The idea that disabled people are taking up space and resources they don’t deserve feeds the vitriol aimed at those who voice concerns about inclusivity and zero/low-waste causes. It also contributes to rhetoric around physician-assisted suicide, abortion for disability, healthcare rationing, and other fraught topics.Embedded in all of them is the belief that disabled lives are not worth living, and accommodating disabled people is not worth the resources. The devaluation of disabled people deprives the environmental movement of allies, including those who agree that the planet is in a state of crisis and urgent action is needed. Disabled people, particularly disabled people of color, are in many ways canaries in the coal mine because environmental injustice hits their communities first.

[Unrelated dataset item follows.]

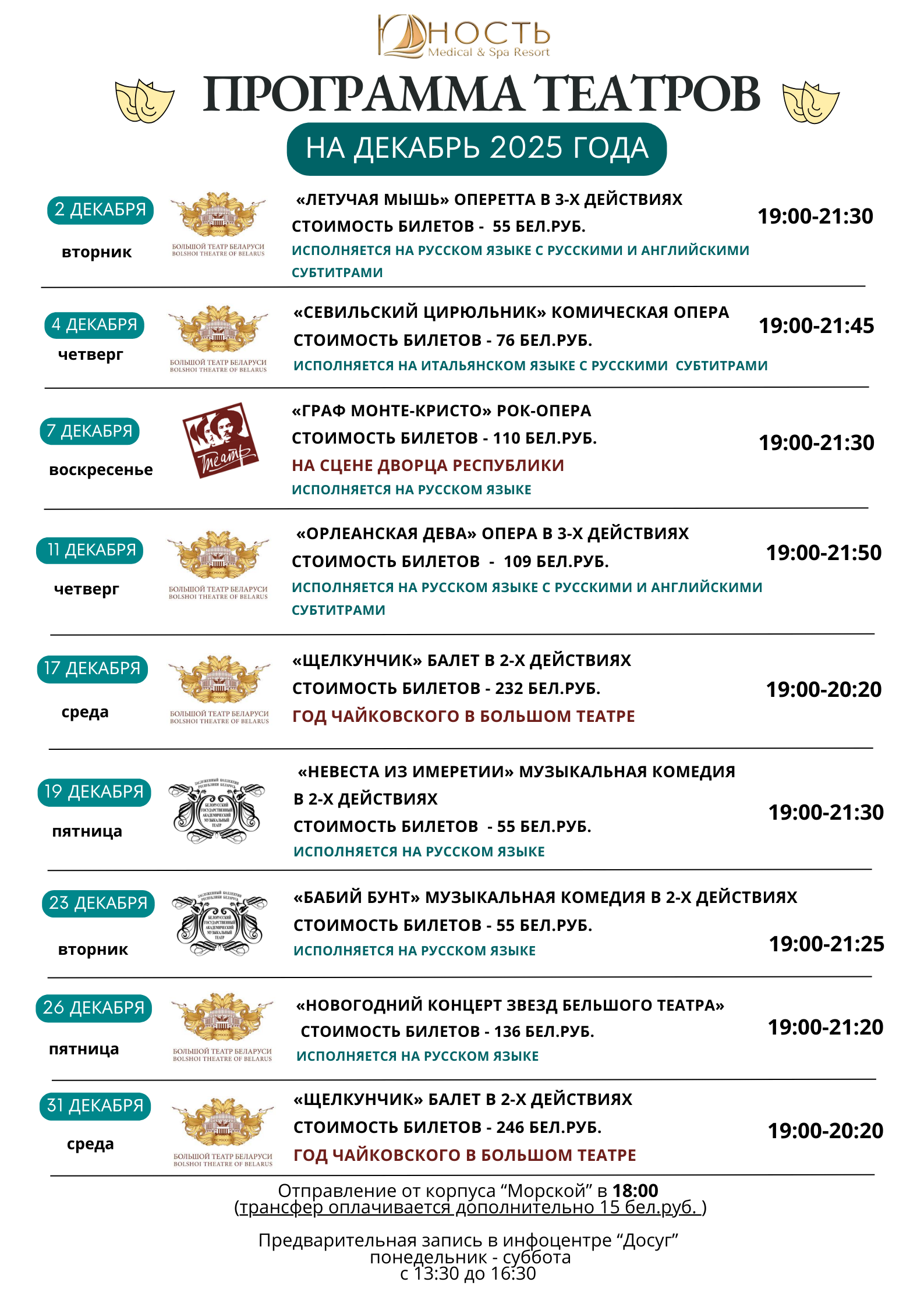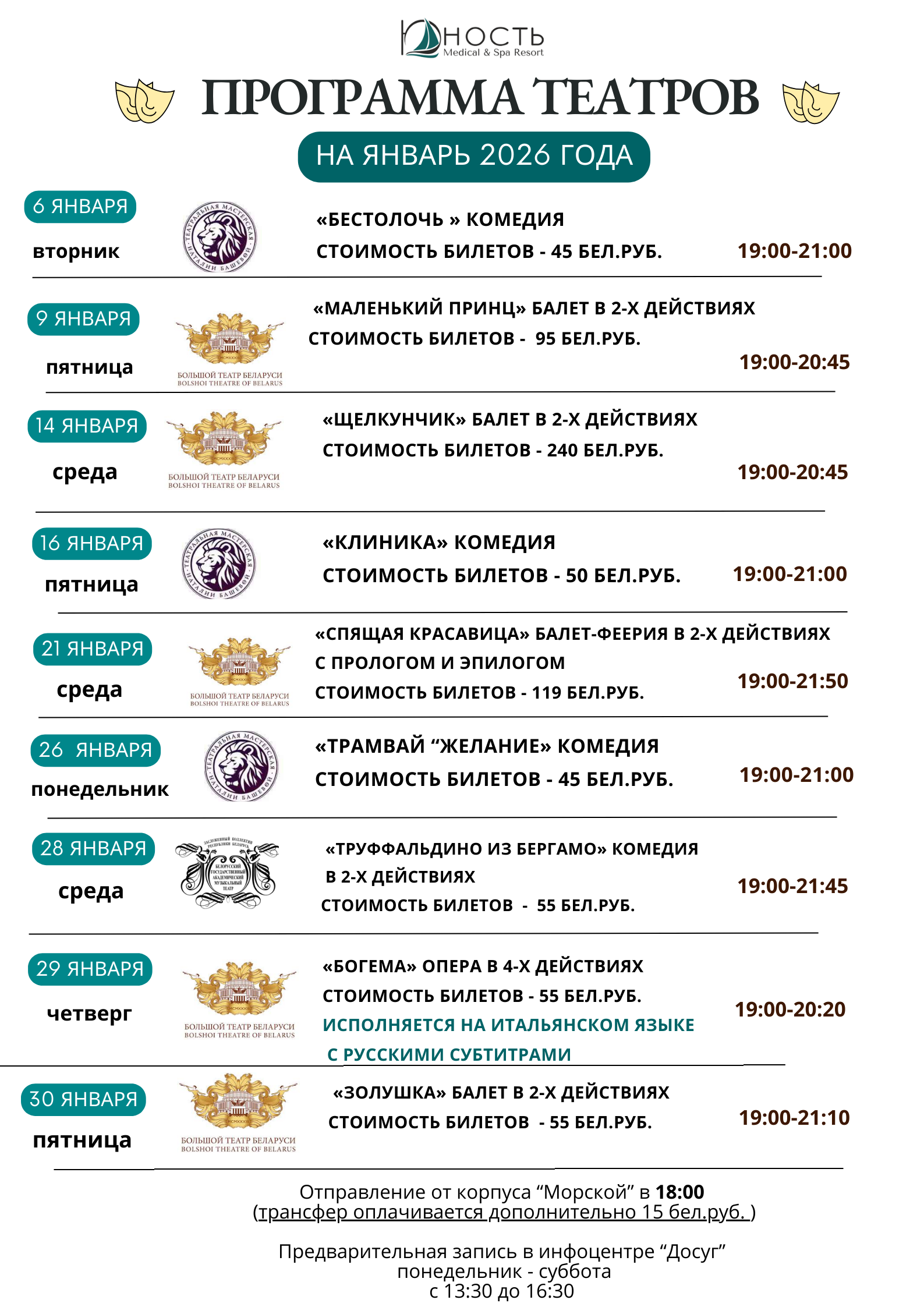 В санатории "Юность" для Отдыхающих еженедельно организовываются театральные поездки.

Rather than being considered burdens, disabled people should be viewed as incredibly valuable resources for conversations about leading better lives. A lifetime of having to hack, adapt, and subvert a society that says you don’t belong provides a considerable array of skills for rethinking the way we use natural resources.

Source: Starbucks’ Plan to Ban Straws Will Harm Disabled People | Bitch Media

The straw ban really is visceral. It really hit me in the gut because this is about a daily activity: drinking. If that was threatened by, if your right to drink and eat was threatened, I mean, it’s very real. And I think what’s really-and it’s not exaggerated, right-I think it’s this is what’s really sad is that people think, “Oh, don’t worry about it.” I’ve had so many non-disabled people online tell me, “Don’t worry. You know, these bans, these exemptions, you’re gonna be fine, you know? There’s no way you would be denied a straw.” And I’m just like, if you just kind of understood what it’s like to be disabled and how every day, even with an apparent visible disability like mine, you are constantly scrutinized. And the microaggressions are just so real that people just assume that everything is going to be OK and that we should all-pun intended-suck it up for the greater good. And I think that’s what’s really missing is that the conversation has always been about if you’re not with us, you’re against us. And we’re saying this is just another erosion in our way to participate in public, in our ways to be part of society.

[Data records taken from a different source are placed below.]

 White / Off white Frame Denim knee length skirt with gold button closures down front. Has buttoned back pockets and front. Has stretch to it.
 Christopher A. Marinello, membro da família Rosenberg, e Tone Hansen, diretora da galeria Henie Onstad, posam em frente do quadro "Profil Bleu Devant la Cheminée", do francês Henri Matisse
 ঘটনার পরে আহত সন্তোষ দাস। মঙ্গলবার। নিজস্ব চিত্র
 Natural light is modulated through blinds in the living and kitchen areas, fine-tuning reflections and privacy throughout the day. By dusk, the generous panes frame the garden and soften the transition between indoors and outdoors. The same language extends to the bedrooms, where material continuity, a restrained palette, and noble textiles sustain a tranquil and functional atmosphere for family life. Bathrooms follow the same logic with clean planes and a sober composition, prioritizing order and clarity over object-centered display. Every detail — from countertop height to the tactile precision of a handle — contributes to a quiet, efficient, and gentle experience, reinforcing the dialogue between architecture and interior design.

Some of my friends online have already shown me these little signs posted at restaurants that are really passive-aggressive about, “We’re not serving, we’re not providing any straws anymore because we care about the environment. Thanks anyway!” People are actually being really proud of not providing straws, and that, to me, is like another sign that you know- Let’s say, people saying, “Straws are bad,” and they say, “Oh, people with disabilities should bring their own straws.” So let’s say they bring their own straws and start using them? In this kinda climate, you can imagine the kind of like possible harassment or criticism they’ll get just for using a straw in a public space. If you look at Santa Barbara, where they have one of the most punitive bans with really steep fines and even jail time for establishments that provide plastic? I mean that’s really where you’re creating conditions that send a message to people with disabilities, older adults, all kinds of people that may need straws that your way of life is not welcome. Your way of life is not normative. And what do you do with that? You just basically are marginalizing us, shoving us away, and telling us that we don’t belong in the same place as you do.

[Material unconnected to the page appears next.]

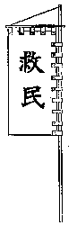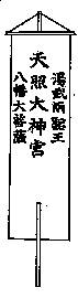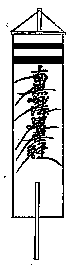 即チ先手前列ニ江州浪人岡村周輔同今助アリ、第三列ニ城同心太田梅之輔、備前浪人並河十郎兵衛、讃 岐浪人三好治右衛門アリ、後陣瀬田済之助ノ後ニ今川弓太郎代理松本麟太夫アリ、麟太夫ノ左右ニ高槻浪人山本林左衛門及ビ阿山良輔アリ、而モ是等人名諸書同ジカラザレバ或ハ誤伝ナシトセズ、 尚其他此ノ種ノ行列中瀬田藤四郎宮脇志摩、竹上万太郎、深尾才次郎、横山文哉等ノ名ヲ列シタルアリ、而モ 瀬田藤四郎 済之介父 ハ病気ノ為ニ早ク難ヲ河内ニ避ケ、宮脇横山等ハ戦機ノ錯誤ノ為ニ軍ニ会セズ、竹上万太郎ハ事ニ及デ怯懦逃走シ、深尾氏ハ百姓百余名ヲ率テ京橋口ニ来テ路通ゼズ事ニ及バザルノ類区々トシテ皆多少ノ出入アリ 又軍ノ表章タル旗幟ニ就テハ極テ注意スベキモノアリ、回天記ノ記スル所ヲ挙グレバ左ノ如シ。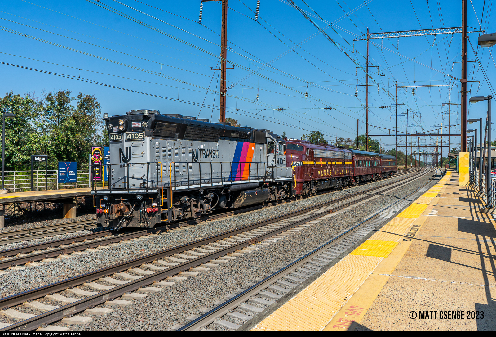 Running long-hood forward, NJ Transit GP40PH-2 no. 4105 (EMD, 1968) is seen racing through Edison Station with a non-revenue equipment move to return Juniata Terminal Co. equipment back to the company's facility in Philadelphia. Included in the consist are Pennsylvania Railroad E8 no. 5711, parlor car no. 1157 Warrior Ridge, and observation car no. 120. The Northeast Corridor is home rails for the Pennsy equipment, and seeing the Tuscan Red equipment under wire is quite a treat!

And this is you know, 18 years after the American with Disabilities Act, after decades of disability rights activism that really fought against segregation and against the days where there were laws called Ugly Laws. So I’m not sure if you realize this, but in the old days, there were laws that disabled people and all kinds of people were not allowed in a public space because they affected people. Just their mere existence made people uncomfortable. And I really do see a connection between these straw bans and these kinds of historic laws that discriminate.